-- WORK REQUIRED --
Down to the last line, restate the records below word for word, dropping every image.

Stored data entries
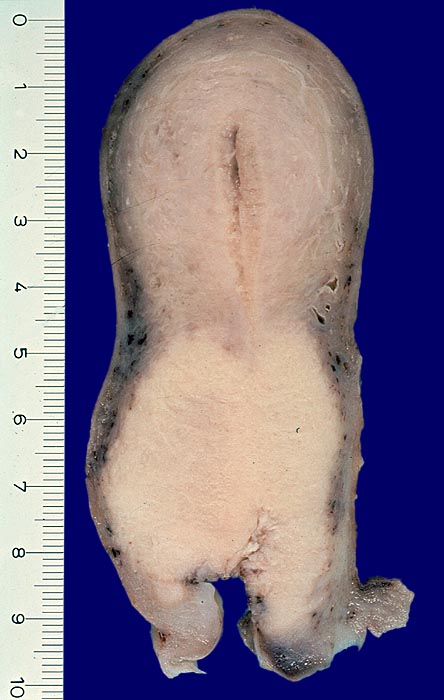 Morphologie: Die HPV Infektion kann gelegentlich aufgrund zytopathischer Effekte in den infizierten oberflächlichen Plattenepithelzellen erkannt werden. Die zytopathisch veränderten Zellen nennt man Koilozyten. Koilozyten weisen einen hellen perinukleären Hof und einen verdickten peripheren Zytoplasmasaum auf ( 5546)( 5547). Sie enthalten einen oder mehrere hyperchromatische dunkle Zellkerne. Ein flaches Areal mit zytopathisch veränderten Plattenepithelzellen wird als flache kondylomatöse Läsion bezeichnet ( 1093). Die LSIL ist gekennzeichnet durch Zellatypien und Mitosefiguren im unteren Epitheldrittel, während die oberen Zweidrittel des Epithels ausreifen (Verkleinerung der Zellkerne und vermehrtes Zytoplasma in den oberflächlichen Zellen). Bei der HSIL breiten sich die Zellatypien und Mitosefiguren auf das mittlere (CIN II) und obere Drittel (CIN III, Cis) des Epithels aus. Die oberflächlichen Zellen des Carcinoma in situ reifen nicht mehr aus und zeigen entsprechend eine hohe Kern-Plasmarelation. Karzinome unterscheiden sich von einem Carcinoma in situ durch zungenförmige Tumorausläufer, welche die Basalmembran durchbrochen haben oder die Anwesenheit von kleinen Zellnestern ohne Basalmembran in desmoplastischem Stroma. Das invasive Karzinom verursacht meist eine Stromareaktion in Form eines Ödems, einer desmoplastischen Fibrose, chronischer Entzündung oder einer granulomatösen Entzündung. Makroskopisch können die invasiven Tumoren exophytisch polypoid, papillär, oder endophytisch wachsen. Bei den invasiven Karzinomen unterscheidet man verhornende und nicht verhornende Karzinome, wobei der Verhornungsgrad keine prognostische Relevanz besitzt.
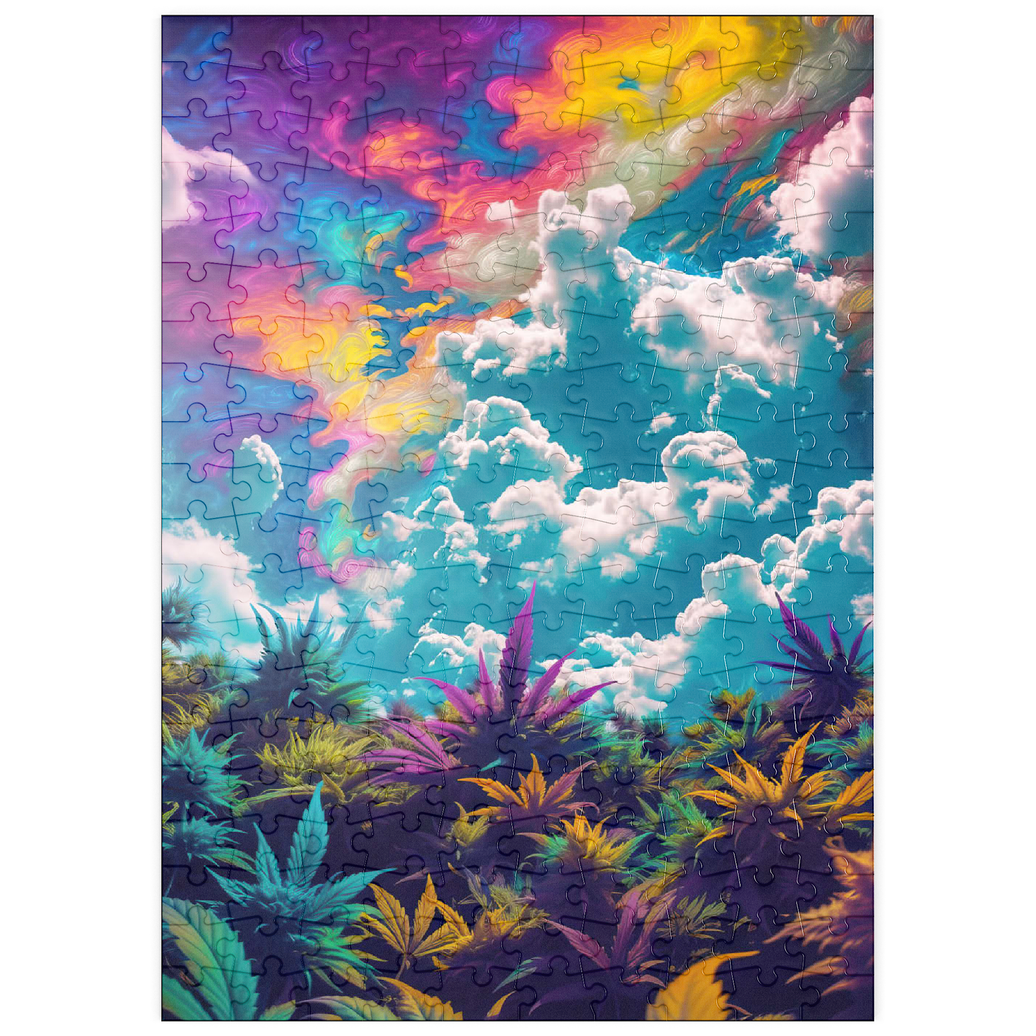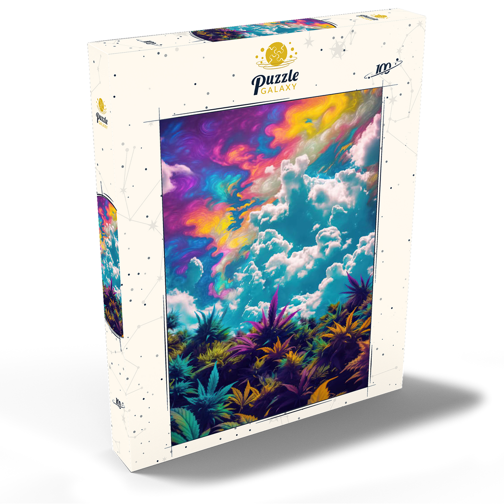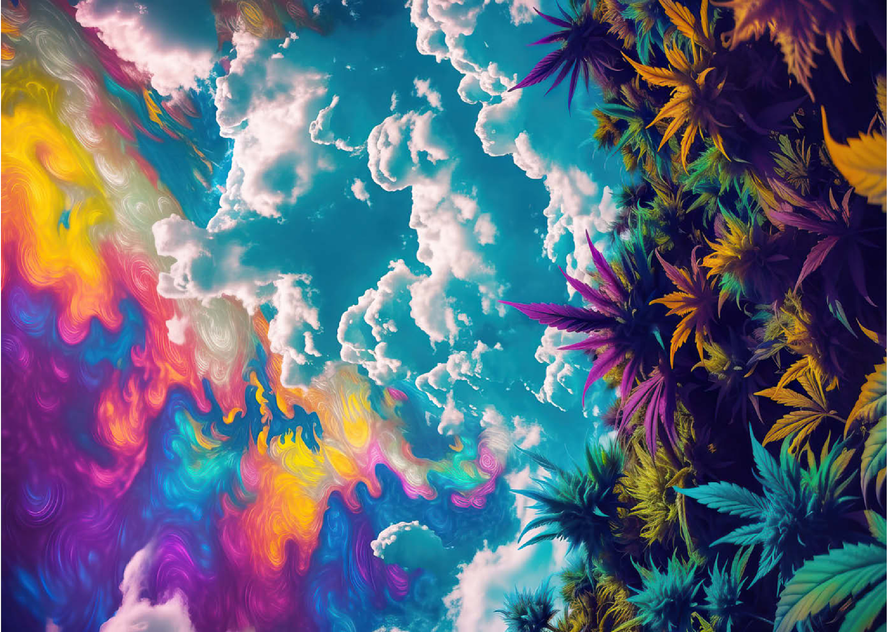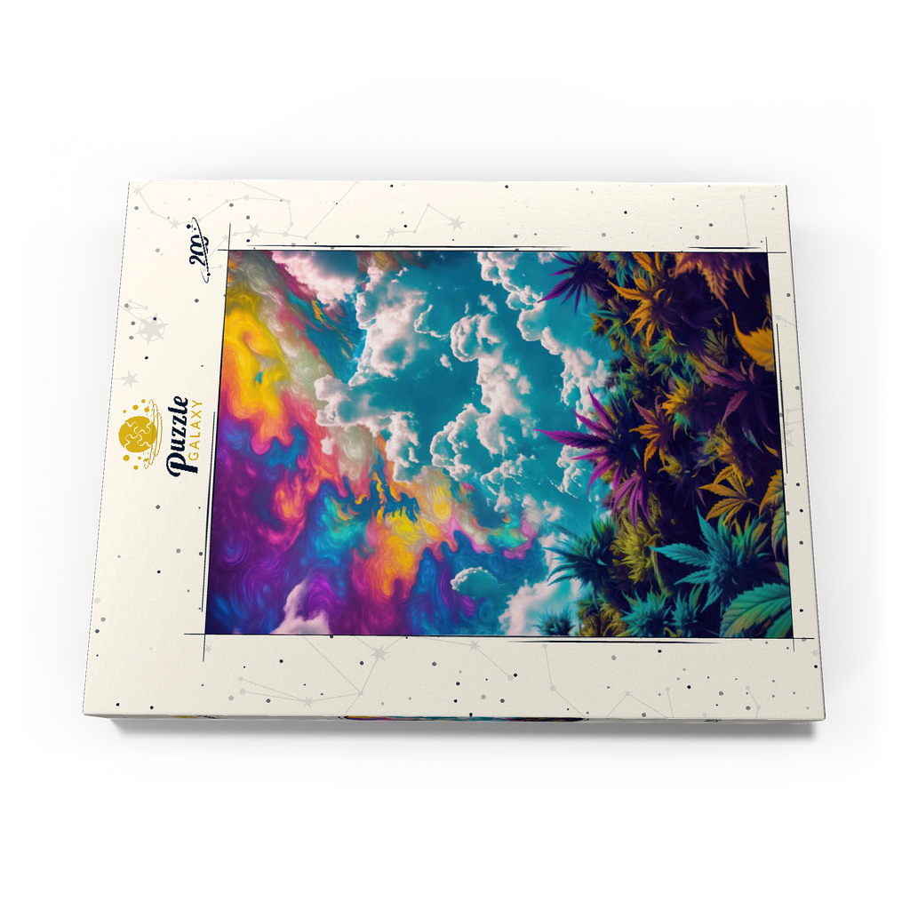 Dieses faszinierende Kunstwerk ist eine Mischung aus Natur und Fantasie. Es zeigt einen surrealen Himmel mit wirbelnden Neontönen in Lila, Orange, Blau und Rosa. Darunter bildet üppiges und farbenfrohes Laub in tiefen Grün-, Violett- und Goldtönen einen traumhaften Kontrast zu den hellen, wogenden Wolken. Die Verschmelzung von Realismus und abstrakten psychedelischen Elementen verleiht diesem Werk eine hypnotische und jenseitige Atmosphäre und macht es perfekt für Liebhaber von visionärer Kunst, lebendigen Naturszenen und surrealen Traumlandschaften. Ein auffälliges Statement für jeden Raum, der Fantasie und Kreativität zelebriert.
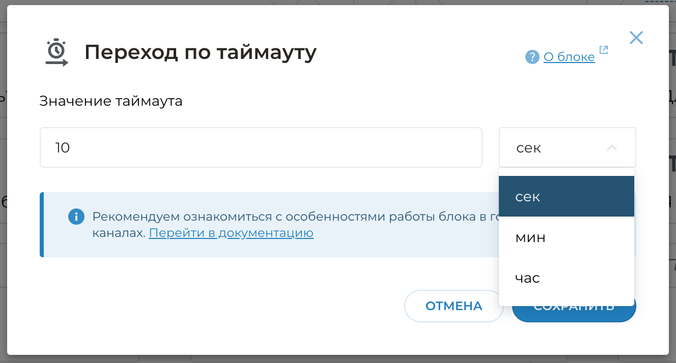 При добавлении блока Таймаут появится всплывающее окно для ввода значения таймаута. Введите его в виде переменной или конкретного временного интервала. Вы можете указать временной интервал в секундах, минутах, или часах.
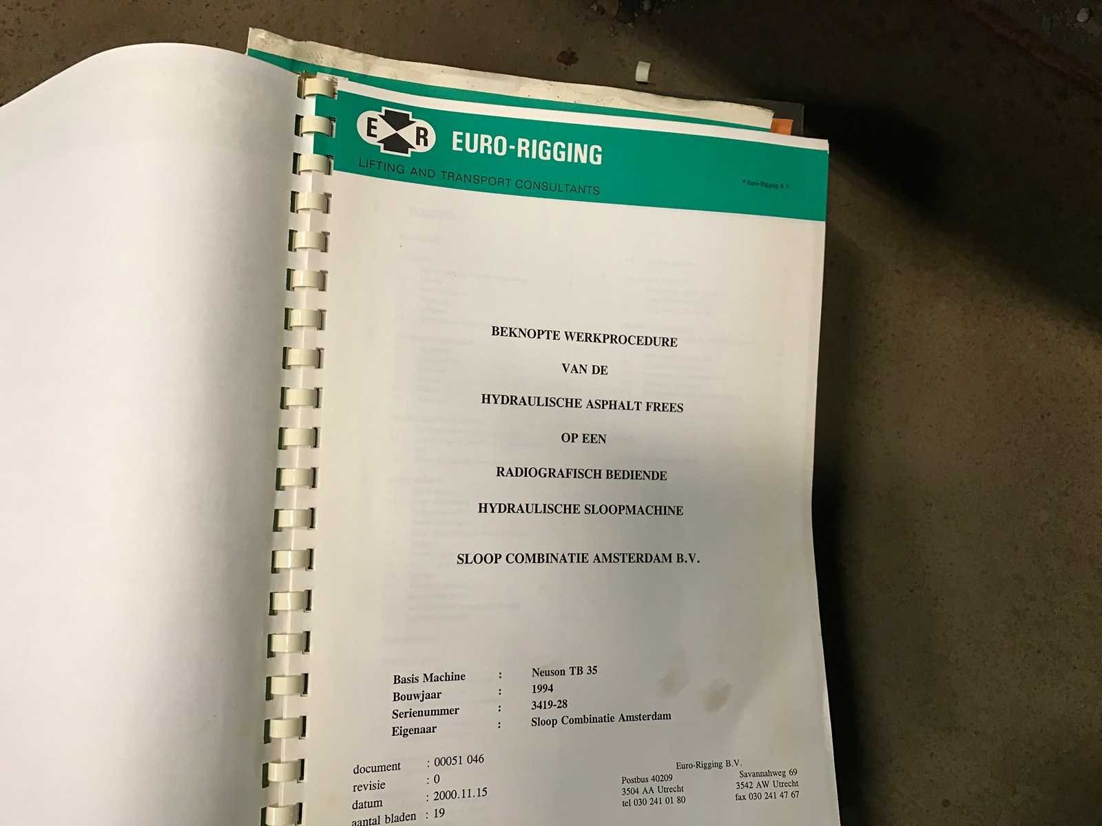 Voorzien van 4 hydraulische stempels; gieklengte circa 3600mm; inclusief rups onderstel; Hetronic radiografische bediening; SCA Grondfrees; De Gier Hijsevenaar; Type EG340; incl container chassis; diverse toebehoren Merk: Wacker neuson Type: TB 35 ED Bouwjaar: 1995 Serienummer: 22565 Afgelezen urenstand: 948 Met radiografische afstandsbediening: true Merk motor: Yanmar Motorvermogen (kW): 30,5kW Eigen gewicht: 4300kg
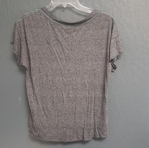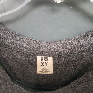 Black heather print Roxy brand tee shirt, hem is diagonal in the front, looks great with sweat pants and tights

-- EXERCISE RESPONSE --
 Morphologie: Die HPV Infektion kann gelegentlich aufgrund zytopathischer Effekte in den infizierten oberflächlichen Plattenepithelzellen erkannt werden. Die zytopathisch veränderten Zellen nennt man Koilozyten. Koilozyten weisen einen hellen perinukleären Hof und einen verdickten peripheren Zytoplasmasaum auf ( 5546)( 5547). Sie enthalten einen oder mehrere hyperchromatische dunkle Zellkerne. Ein flaches Areal mit zytopathisch veränderten Plattenepithelzellen wird als flache kondylomatöse Läsion bezeichnet ( 1093). Die LSIL ist gekennzeichnet durch Zellatypien und Mitosefiguren im unteren Epitheldrittel, während die oberen Zweidrittel des Epithels ausreifen (Verkleinerung der Zellkerne und vermehrtes Zytoplasma in den oberflächlichen Zellen). Bei der HSIL breiten sich die Zellatypien und Mitosefiguren auf das mittlere (CIN II) und obere Drittel (CIN III, Cis) des Epithels aus. Die oberflächlichen Zellen des Carcinoma in situ reifen nicht mehr aus und zeigen entsprechend eine hohe Kern-Plasmarelation. Karzinome unterscheiden sich von einem Carcinoma in situ durch zungenförmige Tumorausläufer, welche die Basalmembran durchbrochen haben oder die Anwesenheit von kleinen Zellnestern ohne Basalmembran in desmoplastischem Stroma. Das invasive Karzinom verursacht meist eine Stromareaktion in Form eines Ödems, einer desmoplastischen Fibrose, chronischer Entzündung oder einer granulomatösen Entzündung. Makroskopisch können die invasiven Tumoren exophytisch polypoid, papillär, oder endophytisch wachsen. Bei den invasiven Karzinomen unterscheidet man verhornende und nicht verhornende Karzinome, wobei der Verhornungsgrad keine prognostische Relevanz besitzt.
 Dieses faszinierende Kunstwerk ist eine Mischung aus Natur und Fantasie. Es zeigt einen surrealen Himmel mit wirbelnden Neontönen in Lila, Orange, Blau und Rosa. Darunter bildet üppiges und farbenfrohes Laub in tiefen Grün-, Violett- und Goldtönen einen traumhaften Kontrast zu den hellen, wogenden Wolken. Die Verschmelzung von Realismus und abstrakten psychedelischen Elementen verleiht diesem Werk eine hypnotische und jenseitige Atmosphäre und macht es perfekt für Liebhaber von visionärer Kunst, lebendigen Naturszenen und surrealen Traumlandschaften. Ein auffälliges Statement für jeden Raum, der Fantasie und Kreativität zelebriert.
 При добавлении блока Таймаут появится всплывающее окно для ввода значения таймаута. Введите его в виде переменной или конкретного временного интервала. Вы можете указать временной интервал в секундах, минутах, или часах.
 Voorzien van 4 hydraulische stempels; gieklengte circa 3600mm; inclusief rups onderstel; Hetronic radiografische bediening; SCA Grondfrees; De Gier Hijsevenaar; Type EG340; incl container chassis; diverse toebehoren Merk: Wacker neuson Type: TB 35 ED Bouwjaar: 1995 Serienummer: 22565 Afgelezen urenstand: 948 Met radiografische afstandsbediening: true Merk motor: Yanmar Motorvermogen (kW): 30,5kW Eigen gewicht: 4300kg
 Black heather print Roxy brand tee shirt, hem is diagonal in the front, looks great with sweat pants and tights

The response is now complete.